Looking at the confusion matrix exhibited in Table 1, we can see that the confusion is distributed evenly across genres. The only exception being comedy and romance, which is understandable since the romance movies tend to have the comedy genre as well, this example taken from the movie “The little mermaid” shows a potential source of confusion: “Scuttle: This, I haven’t seen this in years. This is wonderful! A banded, bulbous snarfblatt.”. The quote is more likely to be classified to the comedy genre by a human than it is likely to be classified as romance although it belongs to the romance genre, keeping in mind that the data was not manually labelled and that the HAN model can mitigate this issue as we explain the following section, we decided that this sort of data is an acceptable noise and does not affect the final results of this research.
5.2 Rationale
To understand why HAN performs better than the other models, let us take a look at the following examples taken from our dataset:
Looking closely at the above examples, it is clear that, not only, the second sentence contributes much more to the drama genre than the first one, but also, there are particular keywords like “sobs”, “vengeance” and “war” in the second example that give clearer clues to the drama genre. The Hierarchical attention networks excel in such cases as they utilize two attention vector, the first works as a conventional attention vector over single words as described in Sect. 3.1 and the other works as an attention vector for the whole sentence.
5.3 Plots VS. Quotes
At the first glance, it looks that using the trained model to do the final classification of the full movie script makes more sense as all the three models performed better when using this dataset. However, when we tested both models, it turns out that the model trained on quotes was much more successful classifying movies correctly, the reason being is that the script text is more similar in structure to the quotes than it is for plots. We discuss the classification of full movie scripts in the following sections.
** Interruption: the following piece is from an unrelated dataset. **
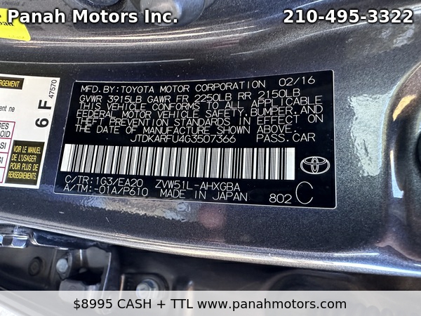 Your message: Hello, my name is and I'm writing you today to learn more about the 2016 Toyota Prius Four listed for $8,995.00. I live in the area and I would like to hear back from you soon and learn more about this vehicle. Please call me at at your earliest convenience.
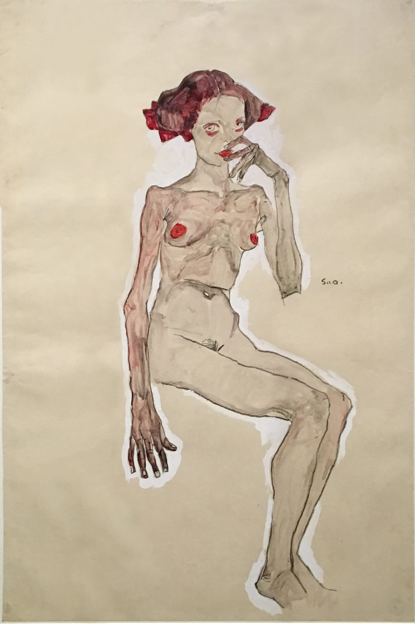Egon Schiele, “Seated Nude Girl” (1910), pencil, chalk, watercolor, and gouache, Albertina

5.4 Attention Visualization
Another important feature of the attention networks in general is that the values of the attention can be visualized, we selected two examples from our dataset to show the attention for, the example, taken from the movie “The Rosa Parks Story” of the drama genre, is a very good example of attention as we can see that words that carry dramatic features such as “civil rights”, “leaders” and “unmarried” got high attention values as shown in Fig. 2Footnote 6 .
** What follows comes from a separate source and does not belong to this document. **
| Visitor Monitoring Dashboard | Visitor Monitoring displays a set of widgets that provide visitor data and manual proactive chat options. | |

Using the Trained Model for Genre Prediction. While building this model, we theorized that if the model can classify a single scene correctly, it would be able to be able to detect the overall genre, the testing process goes as follows: the movie script is downloaded from “The internet movie script database”, the script gets parsed and broken into individual scenes. Next, the words are converted into their corresponding indexes, it’s important to preserve the indexes to match the previously used indexes so that the embedding layer maps the correct vector to the word. The scenes are then padded to match the training data, and finally, the scenes are classified individually and the weighed sum of the probabilities is considered to be the full corpus’ genre probability.
5.5 The Problem of Unseen Words
One challenging issue we faced is that a lot of words that appear in the testing data do not actually appear while training, which causes them to be dropped and could dramatically affect the predictions, to circumvent this, the model needs to be altered as followsFootnote 7:
-
1.
Remove Kera’s embedding layer.
-
2.
Add a Kera’s input layer of type float, the shape of the model should be (max sentence length x embedding dimension).
-
3.
The input to the trained model should be changed to be word embeddings rather than word ids.
6 Testing
Testing the model is particularly challenging due to non-existent data to evaluate with, we decided to rely in our experience with well-know movies as well as comparing the results with IMDB’s genre classification, following are some of the predictions we made using the trained model:
-
1.
“Godfather” (full script: http://www.dailyscript.com/scripts/The_Godfather.html), the two most dominating genres were: action with 24% of the total scenes and drama with 32% of the total scenes, we feel it matches the movie genre and it matches IMDB’s genre tags.
-
2.
“Dumb and Dumber” (full script: https://www.imsdb.com/scripts/Dumb-and-Dumber.html) had 63% of the scenes belonging to the comedy genre and about 10% for all other genres, which is pretty accurate depiction of the movie, it matches IMDB.
-
3.
movie “Lincoln” (full script: https://www.imsdb.com/scripts/Lincoln.html) had 64% scenes classified as politics and 17% as action, we feel this is an accurate classification, we were unable to compare to IMDB as they don’t have the politics genre.
7 Future Work
First and foremost, we would like to collect a more empirical testing data to evaluate our model, against, while we did put a lot of effort into manual testing, having an empirically labeled dataset would be very helpful especially in highly-subjective matter such as genres.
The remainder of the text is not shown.